Creating a Dog-Proof Garden

Dog owners face an ongoing struggle to keep their gardens safe from their canine companions, while still allowing the dog to enjoy the outdoor space. Fortunately, through careful planning, you can create a garden that both you and your dog can enjoy. For further ideas for making your garden dog-friendly, get in touch with a gardener who is an expert on dog proofing.

A Playhouse Of One’s Own
Creating a playhouse for your dogs can help keep them entertained while keeping them away from your precious plants. A well-designed playhouse is a place for your dogs to sleep and also a place where they can dig and play without irritating you. Because dogs like to remain close to their human friends, you should choose a site that is not too far from your house. Build a snug and homely kennel for your dogs to sleep in. There should be a patch of ground close to the kennel that gets the sun, so the dogs can soak up the sun’s heat. There should also be a patch of rough ground where the dogs are allowed to dig. You can encourage your dogs to dig in the right place by burying doggie treats just under the surface of the soil. Praise the dogs for digging in this area, and shoo them away from other areas of your garden if they begin to dig in the wrong place.
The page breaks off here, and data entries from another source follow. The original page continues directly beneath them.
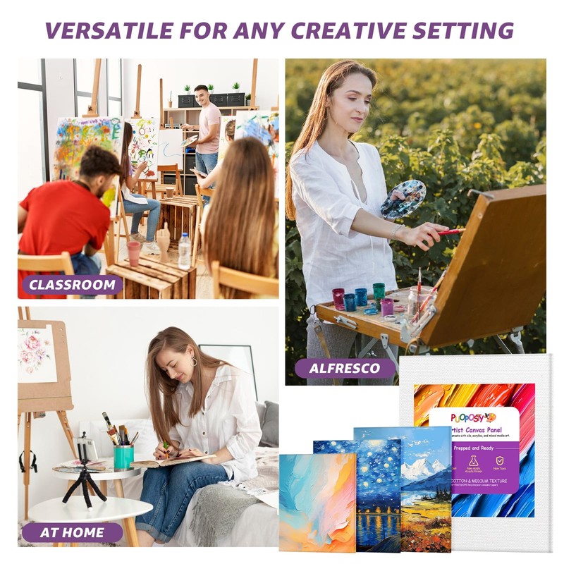 PUOPOSTY 32-Pack Canvas Boards for Painting – 4 Each of 11x14, 8x10, 5x7, 6x8, 6x6, 4x4, and 8 of 4x6 – 100% Cotton Primed Art Supplies for Kids & Adults – Ideal for Acrylic & Oil
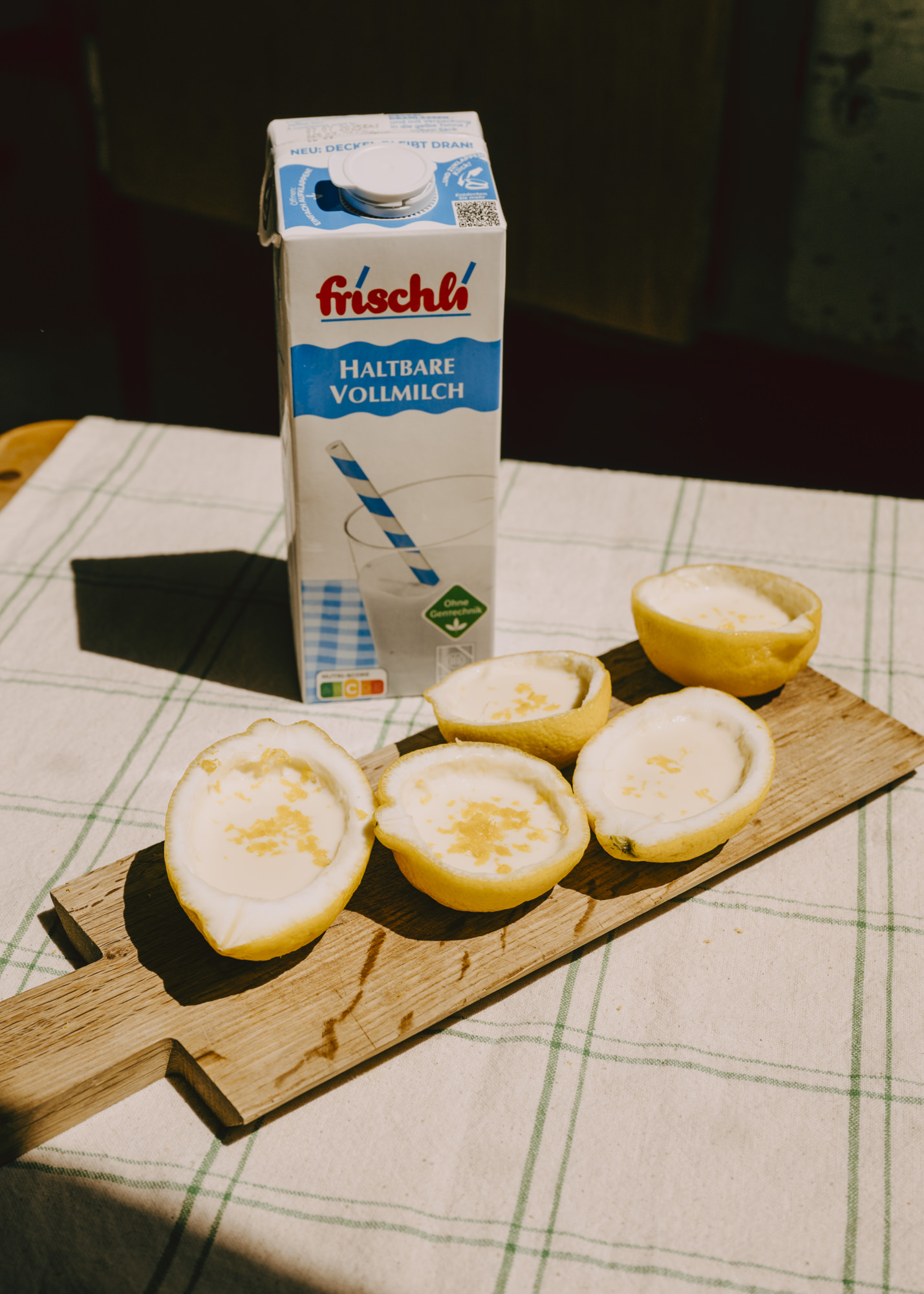 4. In kleine Gläser oder ausgehöhlte Zitronenhälften füllen und über Nacht im Kühlschrank fest werden lassen.
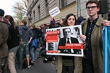 und empfingen ihn mit Marmeladebeuteln und Plakaten: "Push back
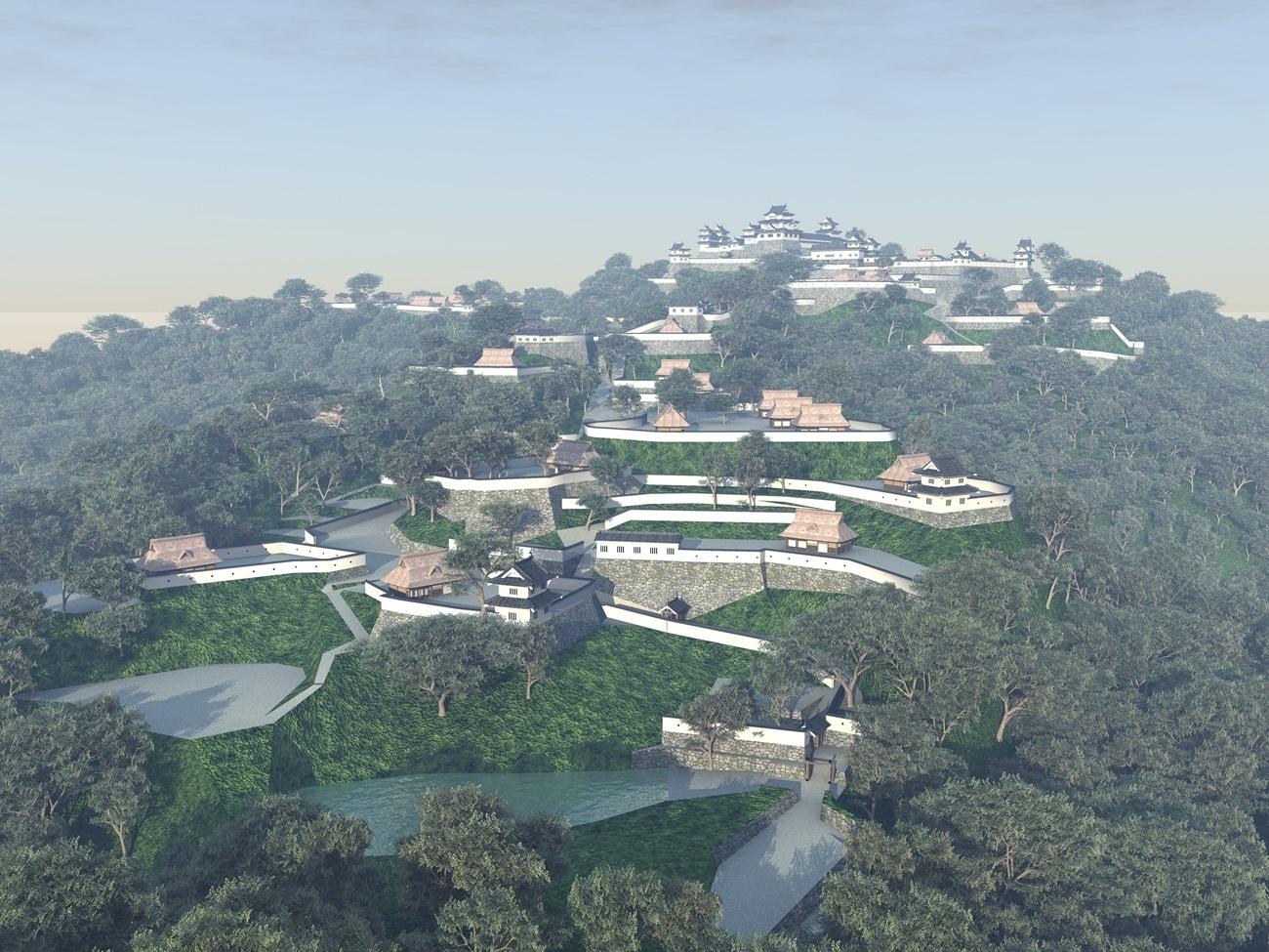 ▼Takatori Castle after renovation by Hidenaga (CG reconstruction project by Nara Sangyo University, now Nara Gakuen University)
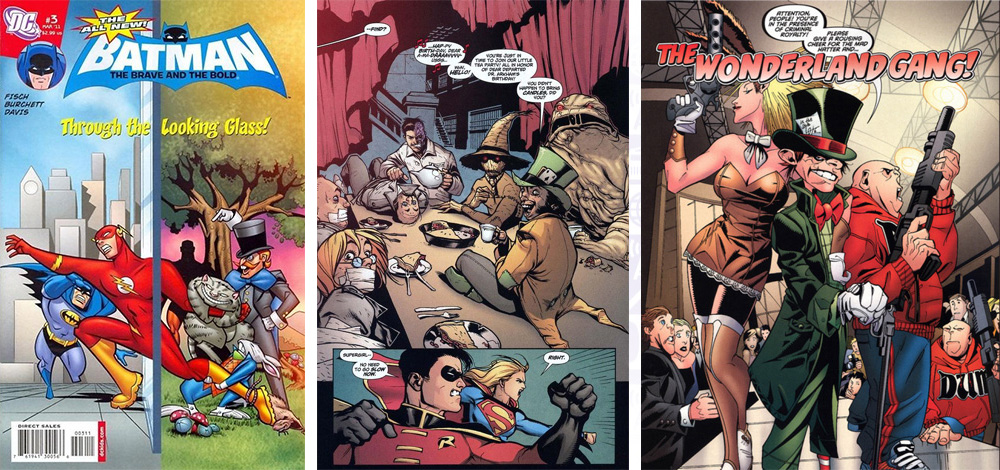 Ayrıca Batman: The Animated Series çizgi film dizisinde “The Lion and the Unicorn” adını taşıyan bölümün Alice karakterlerinin adını taşıdığını görürüz. Üstelik bir süre sonra da Barbara Gordon’u kaçıran Mad Hatter’in onu Alice kılığına soktuğunu, adamlarını da Alice eserindeki karakterler gibi giydirdiğine tanık oluruz.
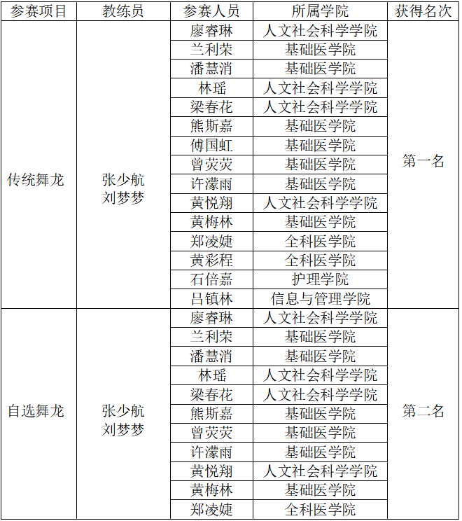 公司派出15名舞龙舞狮运动员,发扬团结协作、勇于拼搏的精神,在强手如林的赛场上一展风采,最终在传统舞龙与自选舞龙两个项目中分别获得第一名和第二名的优异成绩,为公司赢得了荣誉。 成绩的取得,离不开公司、公司长期以来对员工体育文化和传统文化传承的重视,离不开教练员的悉心指导,更离不开队员们数月以来利用课余时间刻苦训练、挥洒汗水的付出。此次比赛不仅赛出了水平,更赛出了风格,充分展示了公司学子的综合素质。
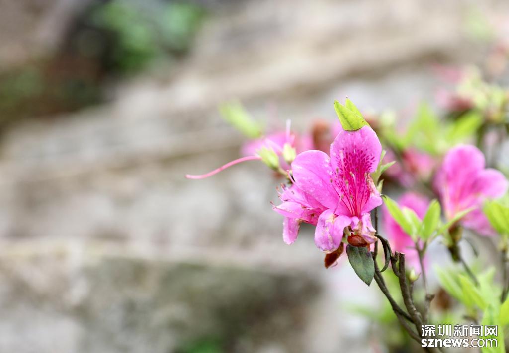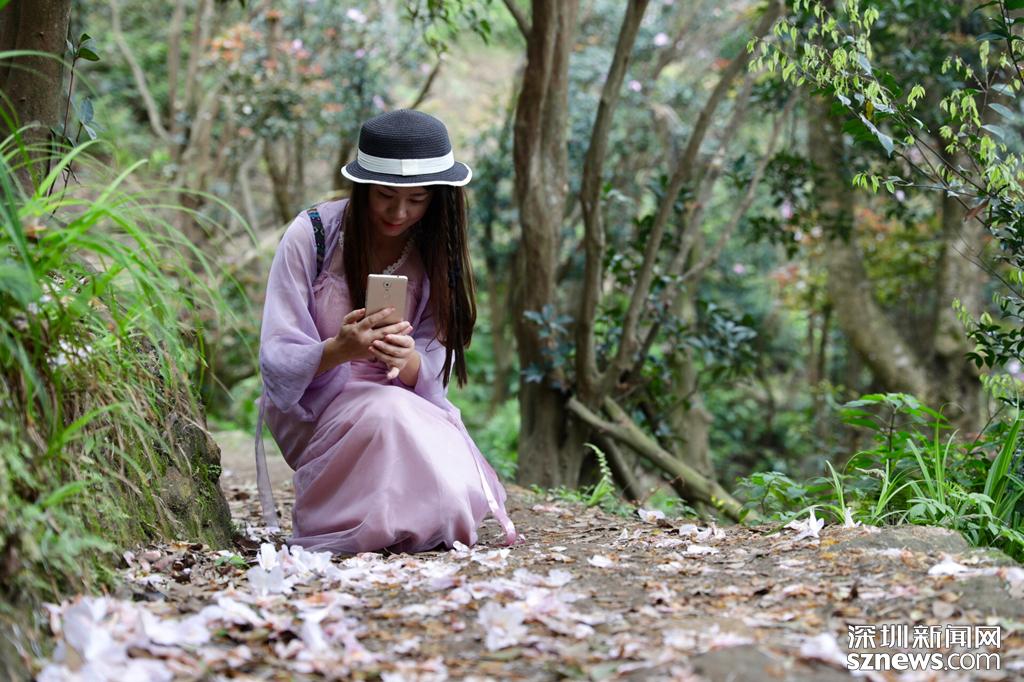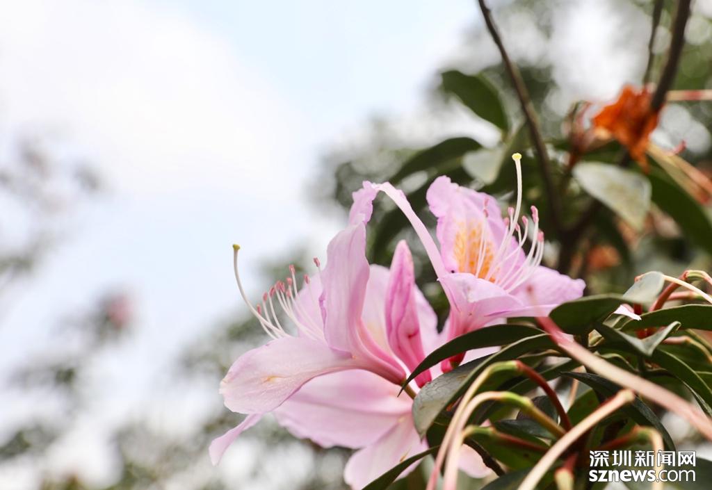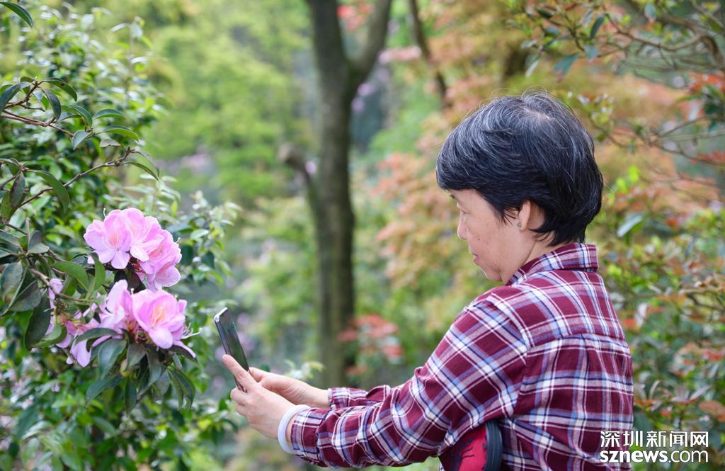 梧桐山成踏春賞花打卡點,市民用相機記錄下毛棉杜鵑之美。
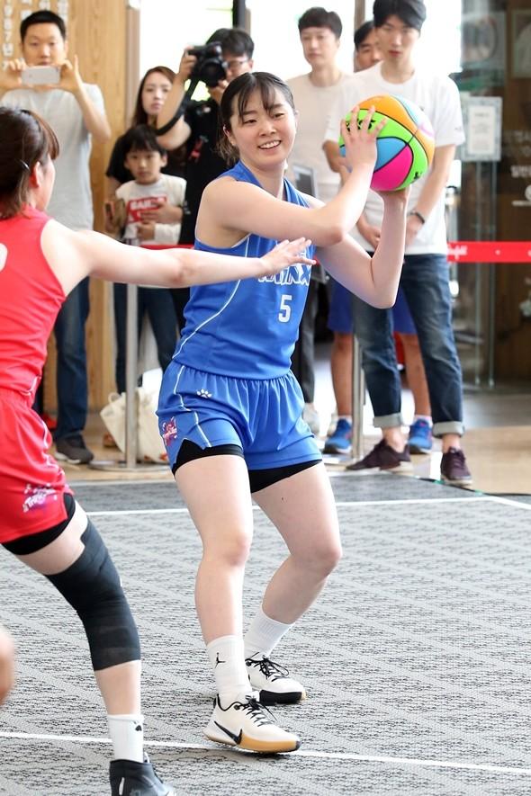 4일 스타필드 하남에서 열린 2019 신한은행 3x3 트리플잼 3차 대회. 앞선 1,2차 대회와는 달리 3차 대회는 WKBL 6개 구단들의 진검 승부가 펼쳐진다. 예선 첫 경기는 A조에 속한 부천 KEB하나은행과 용인 삼성생명이 맞붙은 가운데, 2회 연속 우승을 차지한 KEB하나은행을 상대로 빼어난 활약을 펼친 신예가 눈에 띄었다.
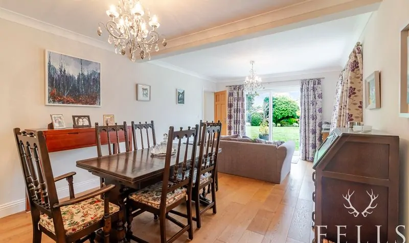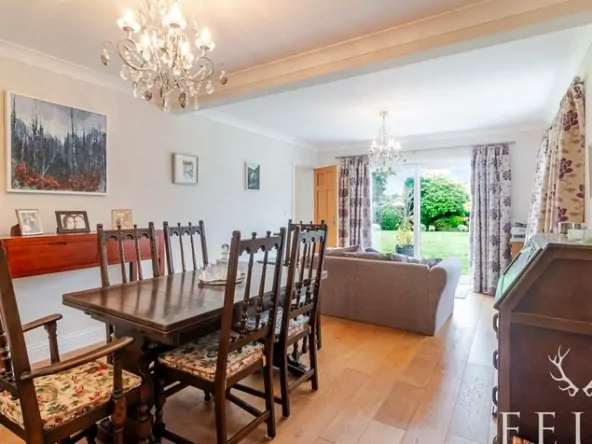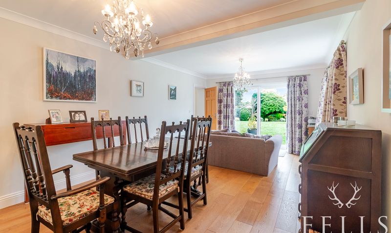 A spacious family / dining room with sliding patio doors leading directly onto the terrace and garden — a perfect space for everyday family life and entertaining.
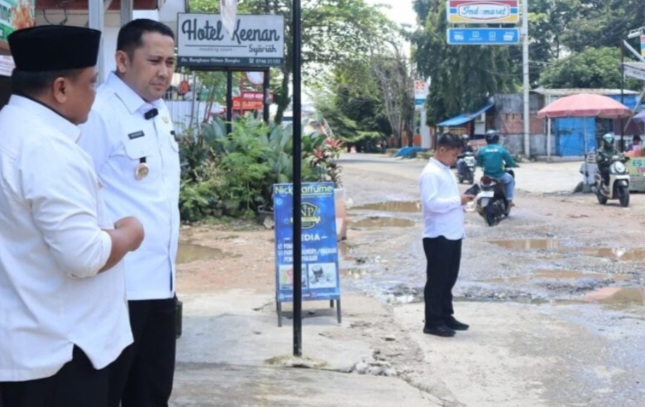 Canangjambi.com.Bangko-Bupati Merangin H M Syukur bersama Kadis Pekerjaan Umum dan Penataan Ruang (PUPR) Merangin Zulhifni, meninjau kondisi Jalan Rangkayo Hitam tepatnya di depan Hotel Keenan Bangko, Rabu (05/3).

Your dogs will soon learn where they are allowed and not allowed to dig.
Dog-Proof Your Beds
Raised beds are less vulnerable to digging by curious dogs. They also have the added benefit of being easier to tend as you don’t have to bend as far to reach them. You can raise up your beds using treated wood, old wheelbarrows, large plant pots, barrels or drums.
Secure Your Garden
An effective way to keep your dogs away from parts of your garden that you don’t want them digging up is to use a secure fence to keep them away. Check that the dog cannot squeeze through the fence, burrow underneath, or open the latch of the gate (some dogs are smarter than you think!). Burying chicken wire or concrete under the fence is an effective way to prevent determined diggers from slipping under your defenses.
Protect Your Dog
Dog-proofing your garden isn’t just a matter of protecting your garden from your dog – you also need to protect your dog from your garden! Many of the chemicals you use on your plants, and even some of the plants themselves, are harmful to curious dogs who love to lick and eat whatever they find. Use natural alternatives to chemical gardening products, such as compost instead of commercial fertiliser, and choose your plants carefully – tulips, ivy, holly, oleander, ferns, and orange daylilies can all harm your dog if eaten.